Now we are going to apply a cyclical encoder to be able to work with the data, we have several new variables related to time (month, day, hour, among others), and all these variables will be more helpful if we allow extracting their cyclical character, that is why we use a trigonometric transformation

function cyclical_encoder(df::DataFrame, columns::Union{Array, Symbol}, max_val::Union{Array, Int} )
    for (column, max) in zip(columns, max_val)        df[:, Symbol(string(column) * "_sin")] = sin.(2*pi*df[:, column]/max)
        df[:, Symbol(string(column) * "_cos")] = cos.(2*pi*df[:, column]/max)
    end
    return df
end

Finally, we can apply this new function to our dataset.

columns_selected = [:day, :year, :month, :hour, :minute, :dayofweek]
max_val = [31, 2010, 12, 23, 59, 7]
train_cyclical = cyclical_encoder(train, columns_selected, max_val)
test_cyclical = cyclical_encoder(test, columns_selected, max_val)
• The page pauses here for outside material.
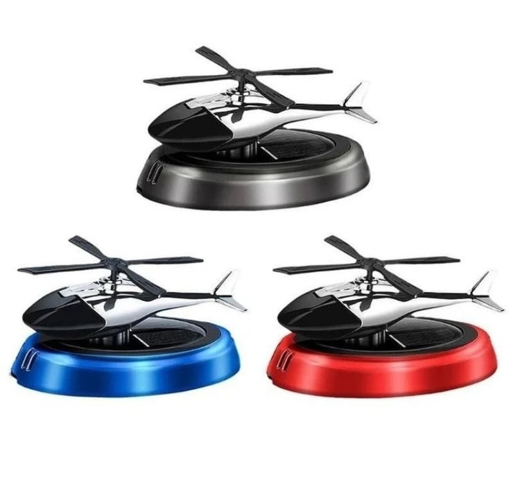 خوشبو کننده خورشیدی مدل هلیکوپتر علاوه بر خوشبوکننده بودن یک وسیله تزئینی باحال و جذاب برای داخل خودرو میباشد و این محصول با قرار گرفت در زیر نور خورشید به چرخش در میآید و بوی خوشایندی رو داخل کابین پخش میکند. راحیه این محصول قابل شارژ میباشد و شما میتوانید به صورت جداگانه هر ادکلن و راحیه خوشبو و ملایم رو برای این محصول استفاده کنید. انرژی محرک این خوشبو کننده خودرو خورشیدی از خورشید تولید می شود و نیاز به شارژ ندارد.

And finally, let's train the model.

EvoTreeRegressor = @load EvoTreeRegressor pkg=EvoTrees verbosity=0
etr_start = EvoTreeRegressor(max_depth =15)machreg = machine(etr_start, train_cyclical[!,14:end], y_train);
fit!(machreg);
pred_etr_train = MLJ.predict(machreg, train_cyclical[!,14:end]);
rms_score_train = rms(pred_etr_train, y_train)
println("The rms in train is $rms_score_train")pred_etr = MLJ.predict(machreg, test_cyclical[!,14:end]);
rms_score = rms(pred_etr, y_test)
println("The rms in test is $rms_score")

This is our result:

  • The rms in train is 2.5364451392238085

  • The rms in test is 3.438565163838837

In this section, we plot the residual left by our model, and here we can detect some signs of overfitting, considering that our model has a much better score in the training dataset than in the test dataset. On the other hand, the plots are showing us that our model has biases in its predictions, it is not being able to recognize trends.

prediction

Finally, we can see how the predictions compare to the test data.

pred-vs-real

As we have confirmed earlier, the prediction does not seem to have been able to determine the magnitudes of the voltage in the testing of the dataset. Despite the fact that our variable is fairly stable over time, the model was trained with different parameters, but ultimately none of the options managed to show a significant improvement.

Conclusions

With this small exercise, we only tried to test that GBM, while a powerful tool and popular in places like Kaggle, requires a certain level of expertise both in the model and in the use case to achieve good performance. A naive approach may not generate results that satisfy the users. This, on one hand, requires:

  1. Understanding how to perform feature engineering for a time series, such as obtaining the decomposition of the time series. This can help capture trends that cannot always be obtained solely with the time horizon.

  2. Applying smoothing strategies like moving averages could help recognize the underlying pattern, but then you will need to estimate that moving average into the future.

Overall, time series analysis requires a deep understanding of the data, proper preprocessing techniques, feature engineering, and selecting appropriate models that can capture the specific patterns and dynamics of the data.